■ WORK TO COMPLETE: Your task is to retype, word for word, the lines from the start of the data through the line holding "Marke: EccoModell-Nr.: 42021355779Modellname: SOLICE". Do not include the pictures.
....................
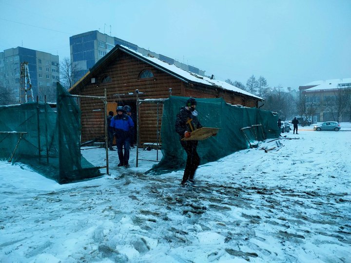 На Сихові почали демонтаж самовільної деревʼяної церкви УПЦ МП
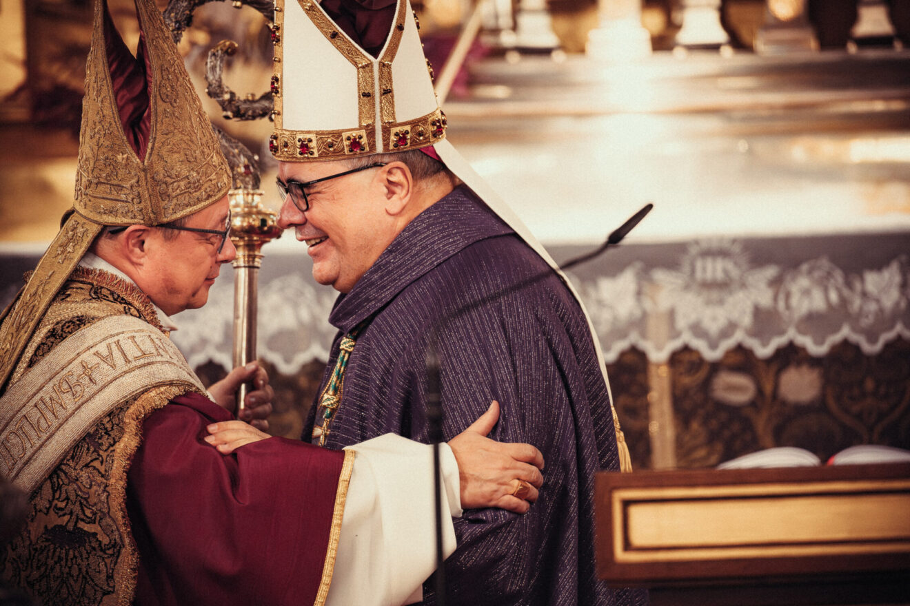 – Przez pocałunek ołtarza wziąłeś tę wspólnotę jak oblubienicę. Przez zajęcie miejsca na katedrze bądź nam nauczycielem i pasterzem, pobudzaj i utwierdzaj. Dopełnij miary wielkich ogrodników tej winnicy Pańskiej. Niech cię oświeca Ducha Święty, abyś z powierzonym ci Kościołem jak najpełniej wyraził troskę o Chrystusowe dzieło zbawienia ludzi żyjących tu i teraz – składał życzenia ks. prof. Jacek Urban.
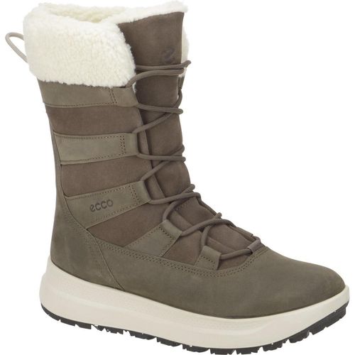 Marke: EccoModell-Nr.: 42021355779Modellname: SOLICE - WOMEN WP PL 200gArt: Damen Stiefeletten - Winterstiefelette, Warmfutter StiefelFarbe: dunkelgrau +, grau-grün +, Sohle in creme-weiß +, schwarz (dark clay/dark clay)Obermaterial: Echtleder - Nubuck (PFC-free Waterproof =, wasserdicht)Innenfutter: Warmfutter, Kunstfell +, Primaloft 200g IsolierungInnensohle: Warmfutter, KunstfellWechselfußbett: herausnehmbare InnensohleLaufsohle: Gummi +, Polyurethan (PU) - extra leicht, Gummianteil aus recycelten MaterialienVerschluss: 5fach SchnürungAbsatz: flach - kein AbsatzSchafthöhe: Wadenhoch, ca. +
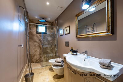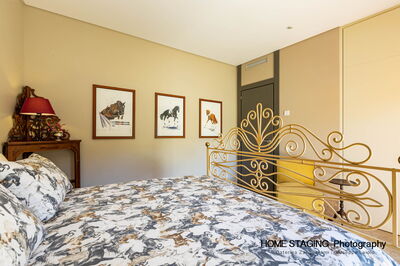 From this central part of the home, two symmetrical apartments extend on either side. Each has two double bedrooms and a bedroom furnished with two single beds (one of which can be arranged with a kingsize bed if guests prefer). These six bedrooms share five bathrooms. One of these with a shower has been adapted for those with disabilities. Two of the other bathrooms have showers whilst the other two have bath tubs. There is also a WC. All bedrooms enjoy direct access to the garden.
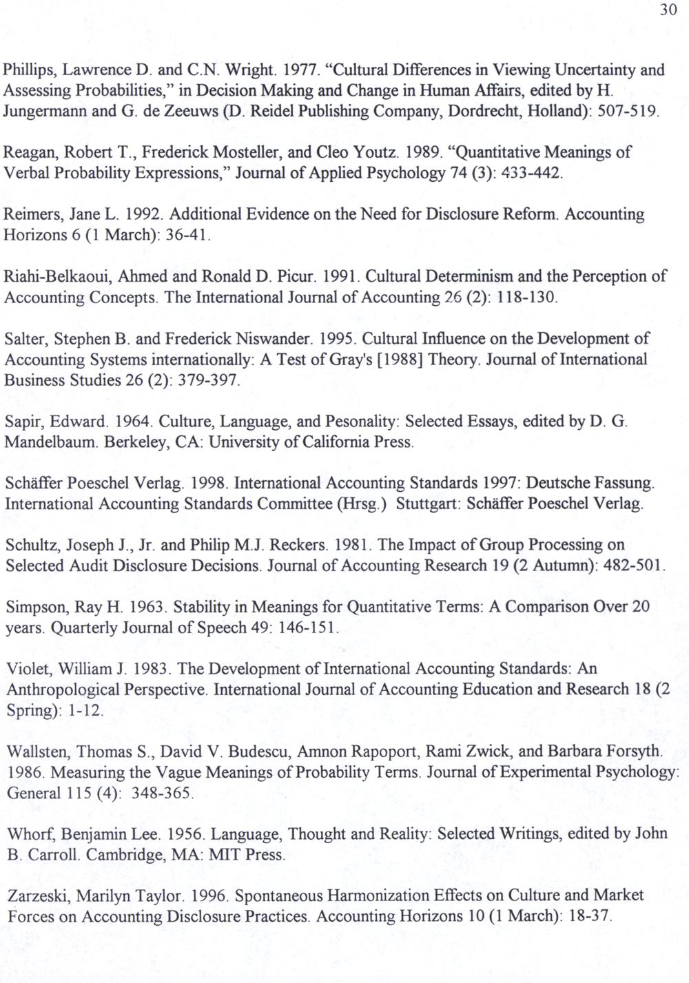 Riahi-Belkaoui, Ahmed and Ronald D. Picur. 1991. Cultural Determinism and the Perception of Accounting Concepts. The International Journal of Accounting 26(2): 118-130.
....................
■ RESULT OF THIS TASK:
 На Сихові почали демонтаж самовільної деревʼяної церкви УПЦ МП
 – Przez pocałunek ołtarza wziąłeś tę wspólnotę jak oblubienicę. Przez zajęcie miejsca na katedrze bądź nam nauczycielem i pasterzem, pobudzaj i utwierdzaj. Dopełnij miary wielkich ogrodników tej winnicy Pańskiej. Niech cię oświeca Ducha Święty, abyś z powierzonym ci Kościołem jak najpełniej wyraził troskę o Chrystusowe dzieło zbawienia ludzi żyjących tu i teraz – składał życzenia ks. prof. Jacek Urban.
 Marke: EccoModell-Nr.: 42021355779Modellname: SOLICE - WOMEN WP PL 200gArt: Damen Stiefeletten - Winterstiefelette, Warmfutter StiefelFarbe: dunkelgrau +, grau-grün +, Sohle in creme-weiß +, schwarz (dark clay/dark clay)Obermaterial: Echtleder - Nubuck (PFC-free Waterproof =, wasserdicht)Innenfutter: Warmfutter, Kunstfell +, Primaloft 200g IsolierungInnensohle: Warmfutter, KunstfellWechselfußbett: herausnehmbare InnensohleLaufsohle: Gummi +, Polyurethan (PU) - extra leicht, Gummianteil aus recycelten MaterialienVerschluss: 5fach SchnürungAbsatz: flach - kein AbsatzSchafthöhe: Wadenhoch, ca. +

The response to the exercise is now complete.